Tuesday, 17 November 2009
The pretty town of Lazise
Despite the heat I am keen to see more of the other towns on the lake. We could get a local bus or try the ferry: the problem seems to be we would spend an hour or two getting somewhere then have to wait for a few hours for another ferry back. We don't really fancy spending hours in the heat of the afternoon sun just seeking shade. I suggest to Dougie that we contact our rep and go on a couple of organised tours. Hubby initially very wary and I have to coax him into trying not to imagine his worst organised-bus-trip nightmare of being herded around with a lot of Brits in socks and sandals. Eventually we plump for a night cruise to Lazise and, gulp, a full all-day lake tour.
The night cruise consists of a trip to see the Bay of Mermaids and then a stop in Lazise for an hour or so. I'm not sure what I expect of a "cruiser": it looks a bit small to me and we are all seated whereas I had somehow imagined myself wafting around on deck. Not quite sure why we really need the services of TWO holiday reps, but the running commentary from Angel (I kid you not) was unintentionally amusing nonetheless:
"Hi, my name's Angel and this is Robin, but he doesn't like to be called Robin so call him Rob instead...Ooh there's a family of swans: there's the female swan called a...a...yeah that's the mother and the baby swans...what are they called again...hmmm yes well the eggs hatched in five weeks and you can see they are still brown, you know they can go white overnight. When we get off at Lazise...what's the proper word for that Luigi?...oh yes, disembark, yeah well when we get back on again the boat will either be on the left hand side or the right hand side"
Thankfully young Robin (sorry Rob) is a nice chap and goes round the passengers handing out glasses of Asti Spumante (no expense spared). Our son is also given a glass and makes sure he glugs it down pretty quick in case someone changes their mind. He is in a lovely mood after that.

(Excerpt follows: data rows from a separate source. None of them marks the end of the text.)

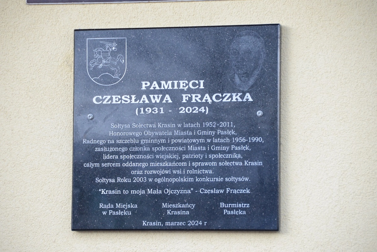 Wczoraj w Krasinie na budynku świetlicy wiejskiej odsłonięto pamiątkową tablicę poświęconą śp. Czesławowi Frączek. W odsłonięciu tablicy uczestniczyli mieszkańcy wsi Krasin, rodzina Pana Czesława oraz władze...
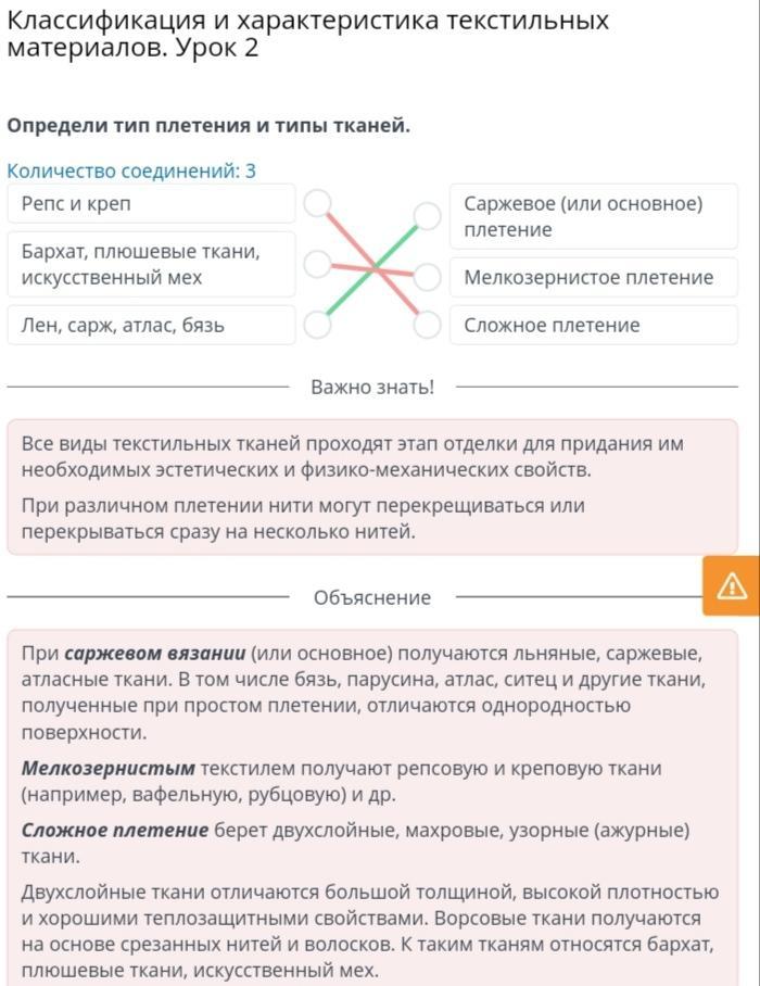 Классификация и характеристика текстильных материалов. Урок 2 Определи тип плетения и типы тканей. Количество соединений: 3 Репс и креп Саржевое (или основное) плетение Бархат, плюшевые ткани, искусственный мех Мелкозернистое плетение Сложное плетение Лен, сарж, атлас, бязь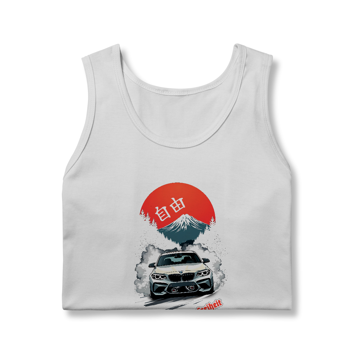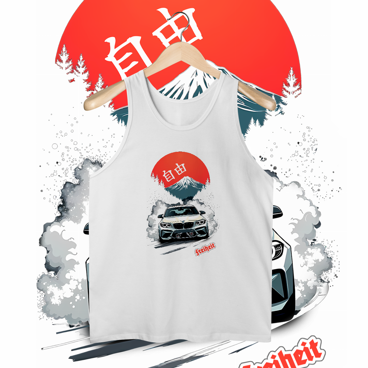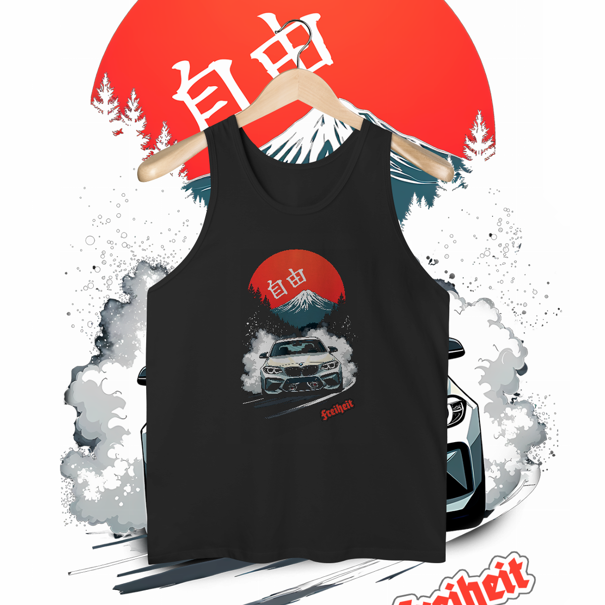 O resultado é uma oração em duas línguas. Na base, a força alemã gritando "Freiheit": A liberdade que nasce da engenharia, da potência que quebra a tração. No topo, a alma japonesa sussurrando "自由" (Jiyū): A liberdade que se encontra no ângulo perfeito, na fumaça, na arte.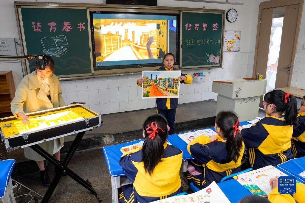 2月6日,在重慶市九龍坡區鐵路小學五年級2班的開學第一課上,一名學生在外援老師的沙畫配合下,結合自己的繪畫作品講述寒假期間的旅行見聞。學校希望通過開展“美學秀”開學第一課引導學生發現生活之美和閱讀的樂趣。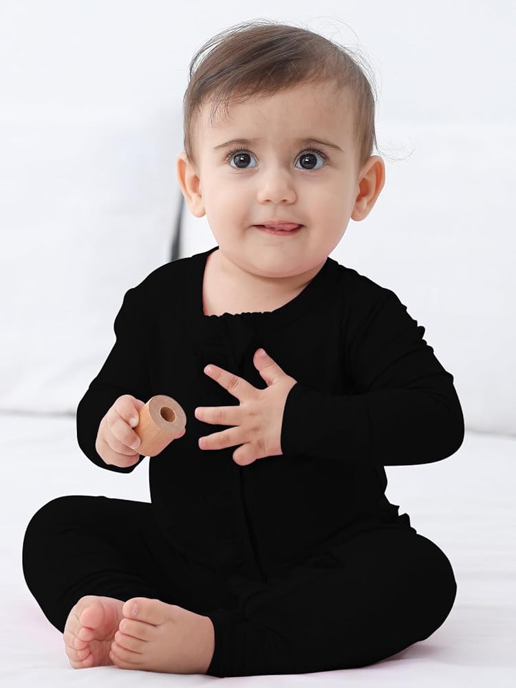بيجامات بسحاب بدون قدم مصنوعة من 97% حرير صناعي مصنوع من الخيزران و3% ألياف لدنة ناعمة للغاية ولطيفة على بشرة طفلك، وهي اختيار مثالي لوقت اللعب أو القيلولة أو مجرد التسكع.

The town of Lazise is gorgeous, especially at night, so we have an hour or two to explore before we are whizzed back to Bardolino. Not a bad evening at all: Dougie is warming to the idea of someone doing it all for you, and his impressions of Angel keep us all chortling for the rest of the holiday so that's worth the money in itself.
Compare the meerkats......(no I have no idea why they were in a little Italian lake town)
Our second excursion, the dreaded all-day bus trip, is organised by a local firm and the courier, Katya, really knows her stuff. Our first stop is Sirmione, a beautiful town perched on the end of a peninsula jutting out into the lake. No sooner have we got off the coach then we are jumping onto a motorboat for a 30 minute tour of the peninsular with our captain, Umberto, a wizened chirpy little fella whose grasp of English consists mainly of a few chosen phrases:
"You see over there....very nice hotel...five star...500 euros a night...no dinner...no wine......no water....no senoritas...beautiful beach...very private....topless ladies...looky looky...very nice...."
After a hilarious 30 minutes with Umberto he turns the engine up to full speed for the last few minutes and we speed into the harbour. Fantastic. An hour in the lovely town is enough to persuade me I'd like to come back again in the future.
A long drive next to Limone where we arrive on market day so it is heaving. We are on the cusp of having a bit of a domestic due to the heat, dehydration, and inability to decide where to eat. This isn't helped by having to follow our guide for ten minutes so she can show us where to meet later. A group of tourists following a woman waving a pink umbrella is just the thing my husband was anxious not to have to do. Thankfully war is evaded in the nick of time and we have one of our nicest meals looking out over the more mountainous areas in the North of the lake.
A swift ferry trip to Riva nearly goes awry as Dougie doesn't realise there is a stop before ours and is happily about to disembark at Torbole until he is spotted and dragged back on.
Before we reached our final stop we drive along the piece of road that Daniel Craig had whizzed along in his Aston Martin during the opening sequence of Quantum of Solace. We also see where the stunt driver had driven through the barrier into the lake, writing off said Aston in one leap.
Our final stop is Malcesine, another achingly picturesque town, and as we sat eating gorgeous 1 euro ice creams on the harbour front we decide this is as good as it gets for holiday locations. Even clambering on the bus behind the man in beige socks can't ruin our happy mood.